Jiang MZ, Aguet F, Ardlie K, Chen J, Cornell E, Cruz D, et al. Canonical correlation analysis for multi-omics: Application to cross-cohort analysis.. PLoS genetics. 2023;19(5):e1010517.

Integrative approaches that simultaneously model multi-omics data have gained increasing popularity because they provide holistic system biology views of multiple or all components in a biological system of interest. Canonical correlation analysis (CCA) is a correlation-based integrative method designed to extract latent features shared between multiple assays by finding the linear combinations of features-referred to as canonical variables (CVs)-within each assay that achieve maximal across-assay correlation. Although widely acknowledged as a powerful approach for multi-omics data, CCA has not been systematically applied to multi-omics data in large cohort studies, which has only recently become available. Here, we adapted sparse multiple CCA (SMCCA), a widely-used derivative of CCA, to proteomics and methylomics data from the Multi-Ethnic Study of Atherosclerosis (MESA) and Jackson Heart Study (JHS). To tackle challenges encountered when applying SMCCA to MESA and JHS, our adaptations include the incorporation of the Gram-Schmidt (GS) algorithm with SMCCA to improve orthogonality among CVs, and the development of Sparse Supervised Multiple CCA (SSMCCA) to allow supervised integration analysis for more than two assays. Effective application of SMCCA to the two real datasets reveals important findings. Applying our SMCCA-GS to MESA and JHS, we identified strong associations between blood cell counts and protein abundance, suggesting that adjustment of blood cell composition should be considered in protein-based association studies. Importantly, CVs obtained from two independent cohorts also demonstrate transferability across the cohorts. For example, proteomic CVs learned from JHS, when transferred to MESA, explain similar amounts of blood cell count phenotypic variance in MESA, explaining 39.0%   50.0% variation in JHS and 38.9%   49.1% in MESA. Similar transferability was observed for other omics-CV-trait pairs. This suggests that biologically meaningful and cohort-agnostic variation is captured by CVs. We anticipate that applying our SMCCA-GS and SSMCCA on various cohorts would help identify cohort-agnostic biologically meaningful relationships between multi-omics data and phenotypic traits.
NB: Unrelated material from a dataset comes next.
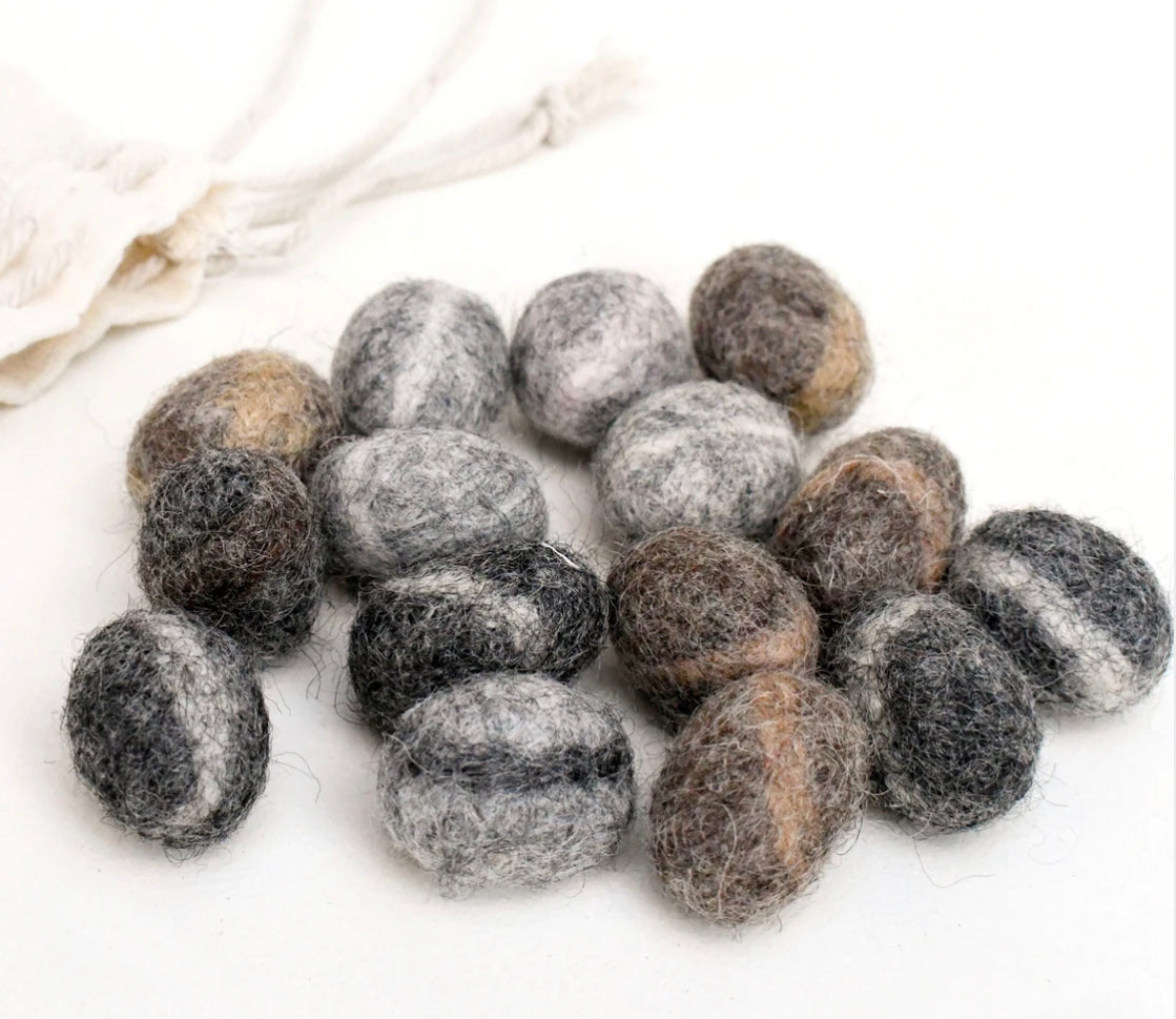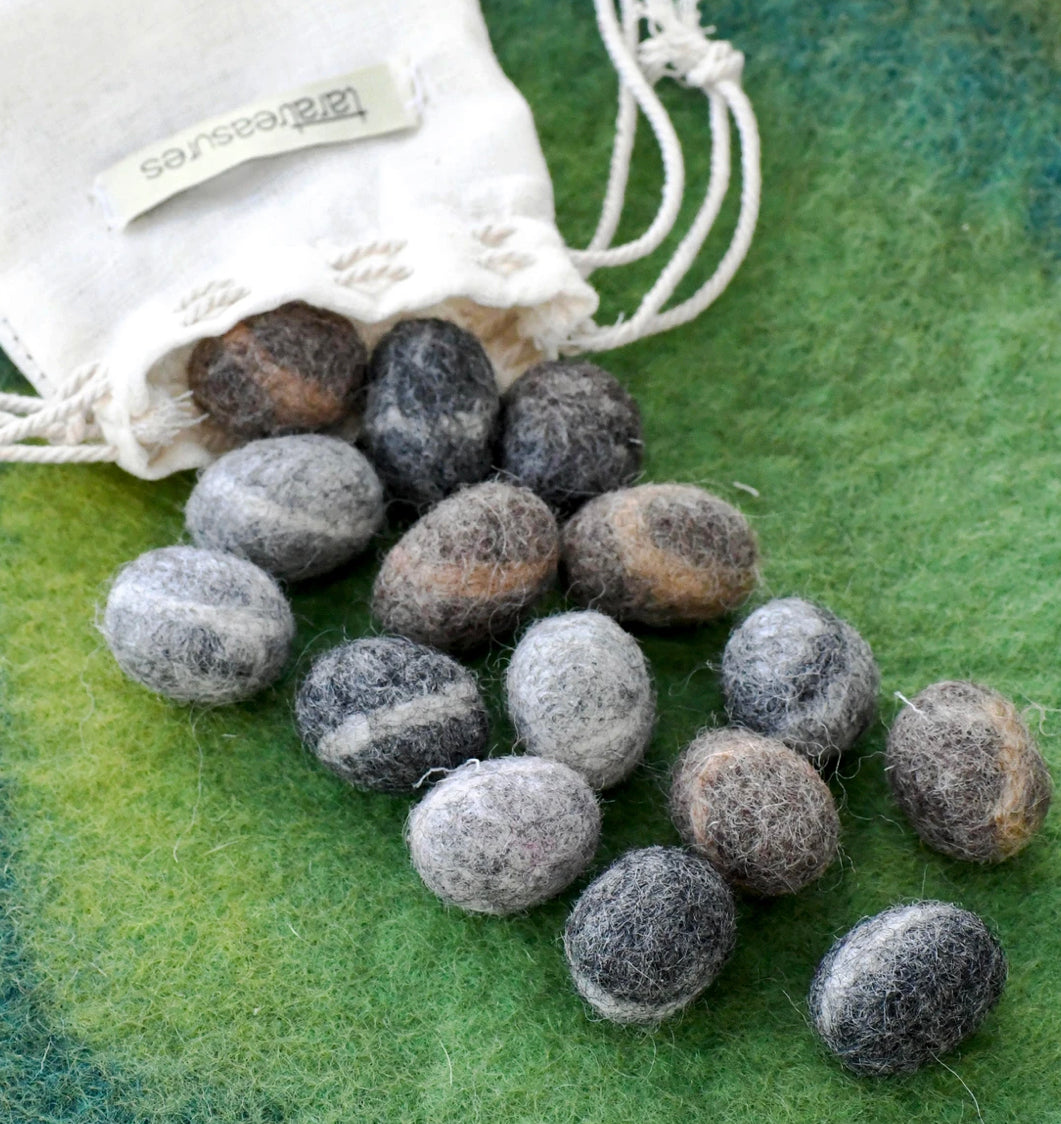 Felt Pebbles Stones in a Pouch - 3cm - 15 pebbles

Reynolds KM, Horimoto ARR V, Lin BM, Zhang Y, Kurniansyah N, Yu B, et al. Ancestry-driven metabolite variation provides insights into disease states in admixed populations.. Genome medicine. 2023;15(1):52.
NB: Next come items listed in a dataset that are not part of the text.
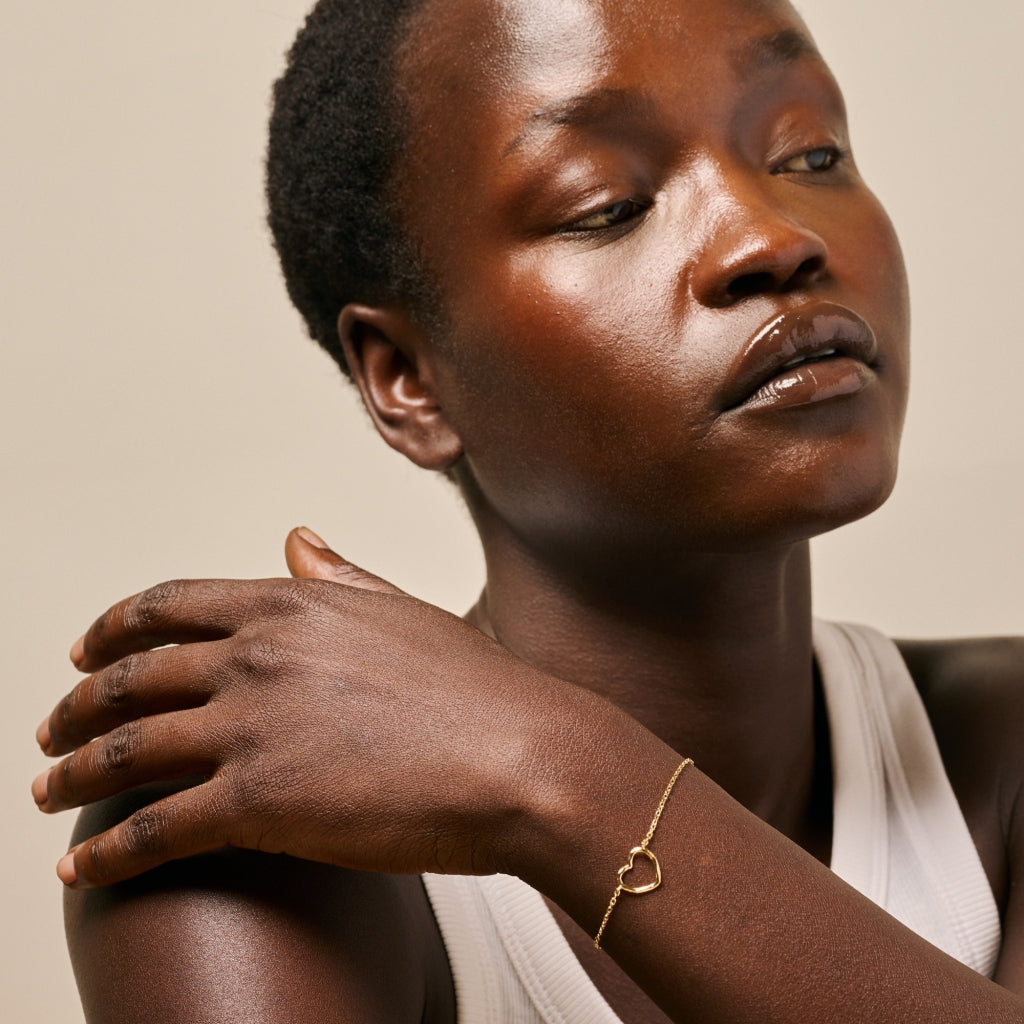 Organic Heart armbånd fra Enamel, er et af de fineste bud på et hjertearmbånd. Hjertet er stort, uden at være chunky, og udtrykket er simpelt, uden at være kedeligt. Læg især mærke til den smukke, håndlavede overflade på hjertet. Hjertearmbåndet blender smukt ind med dine andre armbånd.
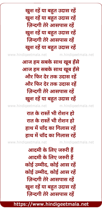 Lyrics of Khush Rahe Ya Bahut Udaas Rahe - खुश रहें या बहुत उदास रहें
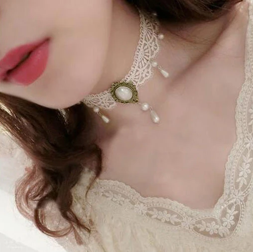 Beautiful white lace steampunk choker with oval pearl effect cabochon in the centre, set in an antique bronze tone frame with spherical and teardrop pearl effect beads dangling below.
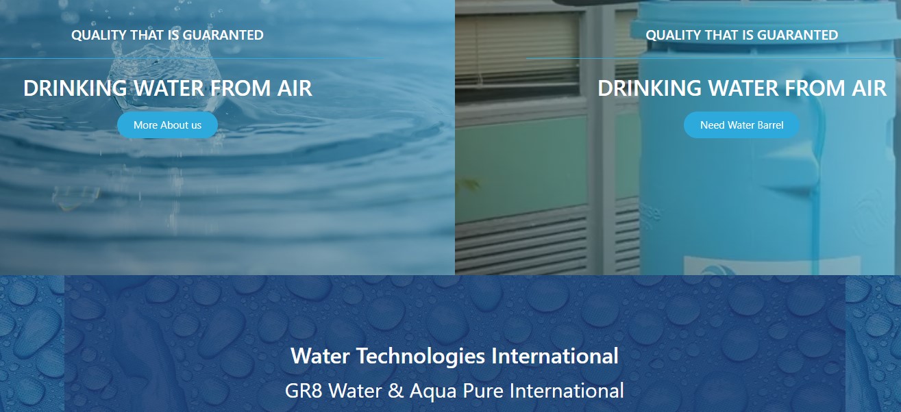 WTII-owned GR8 Water makes freestanding water factory units for the home or office and large, industrial-sized water units using a modular design that can produce up to thousands of gallons of water each day from ambient air. WTII strives to make safe drinking water available to everyone on the planet, making the world a better place in which to live while nurturing the environment.

BACKGROUND: Metabolic pathways are related to physiological functions and disease states and are influenced by genetic variation and environmental factors. Hispanics/Latino individuals have ancestry-derived genomic regions (local ancestry) from their recent admixture that have been less characterized for associations with metabolite abundance and disease risk.
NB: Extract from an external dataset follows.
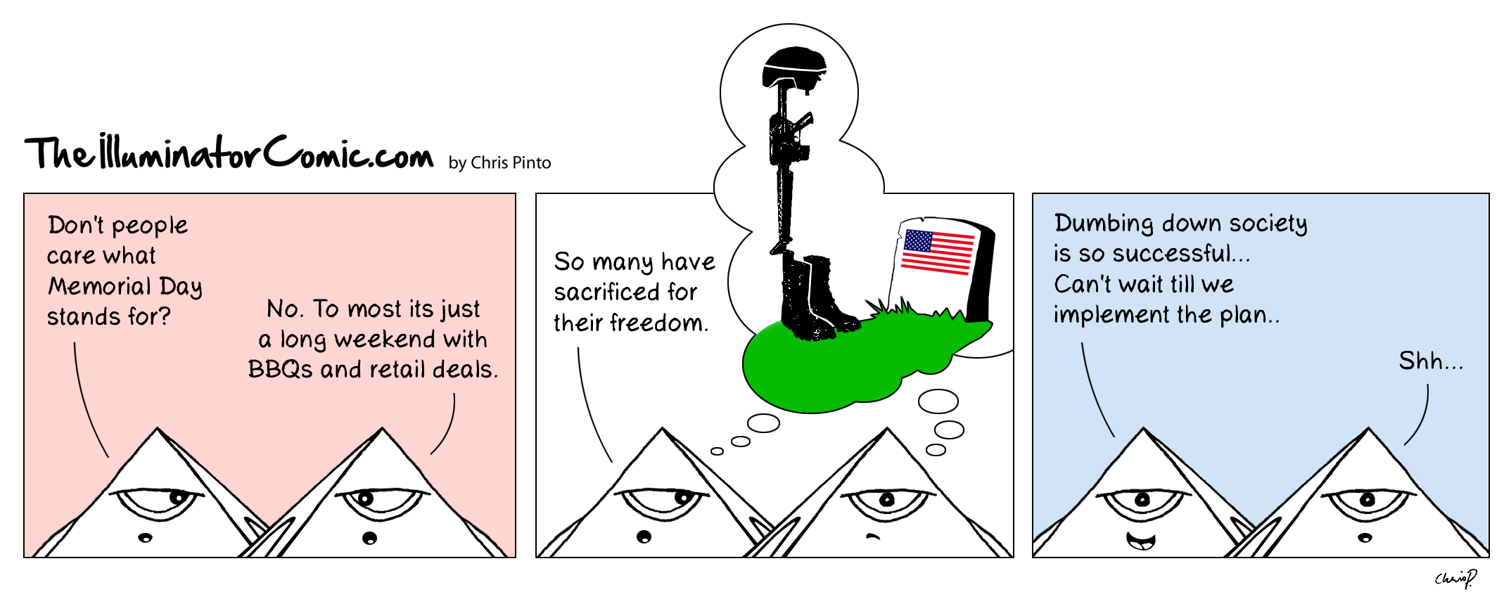 Illuminati, The Illuminator Comic, Triangle-head, Conspiracy theory, New World Order, NWO, Memorial day, Thank you, Military, service, US Army, freedom, sacrifice
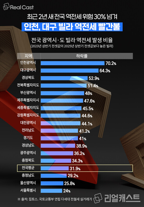 집토스에 따르면 2023년 상반기 대비 2025년 상반기 동일 면적 연립·다세대 전세 거래를 기준으로 전세 보증금이 하락한 거래 비율은 전국 평균 31.9%로 집계됐습니다.

METHODS: We performed admixture mapping of 640 circulating metabolites in 3887 Hispanic/Latino individuals from the Hispanic Community Health Study/Study of Latinos (HCHS/SOL). Metabolites were quantified in fasting serum through non-targeted mass spectrometry (MS) analysis using ultra-performance liquid chromatography-MS/MS. Replication was performed in 1856 nonoverlapping HCHS/SOL participants with metabolomic data.

RESULTS: By leveraging local ancestry, this study identified significant ancestry-enriched associations for 78 circulating metabolites at 484 independent regions, including 116 novel metabolite-genomic region associations that replicated in an independent sample. Among the main findings, we identified Native American enriched genomic regions at chromosomes 11 and 15, mapping to FADS1/FADS2 and LIPC, respectively, associated with reduced long-chain polyunsaturated fatty acid metabolites implicated in metabolic and inflammatory pathways. An African-derived genomic region at chromosome 2 was associated with N-acetylated amino acid metabolites. This region, mapped to ALMS1, is associated with chronic kidney disease, a disease that disproportionately burdens individuals of African descent.

CONCLUSIONS: Our findings provide important insights into differences in metabolite quantities related to ancestry in admixed populations including metabolites related to regulation of lipid polyunsaturated fatty acids and N-acetylated amino acids, which may have implications for common diseases in populations.

STUDY OBJECTIVES: Shift work is a risk factor for cardiometabolic disease, possibly through effects on sleep-wake rhythms. We hypothesized that evening (afternoon and night combined) and irregular (irregular/on-call or rotating combined) shift work during pregnancy is associated with increased odds of preeclampsia, preterm birth, and gestational diabetes mellitus (GDM), mediated by irregular sleep timing.

METHODS: The Nulliparous Pregnancy Outcomes Study: Monitoring Mothers-to-be (nuMoM2b) is a prospective cohort study (n = 10 038) designed to investigate risk factors for adverse pregnancy outcomes. Medical outcomes were determined with medical record abstraction and/or questionnaires; sleep midpoint was measured in a subset of participants with ≥5-day wrist actigraphy (ActiWatch). We estimated the association of evening and irregular shift work during pregnancy with preeclampsia, preterm birth, and GDM using logistic regression, adjusted for adversity (cumulative variable for poverty, education, health insurance, and partner status), smoking, self-reported race/ethnicity, and age. Finally, we explored whether the association between shiftwork and GDM was mediated by variability in sleep timing.

RESULTS: Evening shift work is associated with approximately 75% increased odds of developing GDM (adjusted OR = 1.75, 95% CI: 1.12-2.66); we did not observe associations with irregular shifts, preterm birth, or preeclampsia after adjustment. Pregnant evening shift workers were found to have approximately 45 minutes greater variability in sleep timing compared to day workers (p < .005); sleep-timing variability explained 25% of the association between evening shift work and GDM in a mediation analysis.

CONCLUSIONS: Evening shift work was associated with GDM, and this relationship may be mediated by variability in sleep timing.

Zhang Y, Liu X, Wiggins KL, Kurniansyah N, Guo X, Rodrigue AL, et al. Association of Mitochondrial DNA Copy Number With Brain MRI Markers and Cognitive Function: A Meta-analysis of Community-Based Cohorts.. Neurology. 2023;100(18):e1930-e1943.

BACKGROUND AND OBJECTIVES: Previous studies suggest that lower mitochondrial DNA (mtDNA) copy number (CN) is associated with neurodegenerative diseases. However, whether mtDNA CN in whole blood is related to endophenotypes of Alzheimer disease (AD) and AD-related dementia (AD/ADRD) needs further investigation. We assessed the association of mtDNA CN with cognitive function and MRI measures in community-based samples of middle-aged to older adults.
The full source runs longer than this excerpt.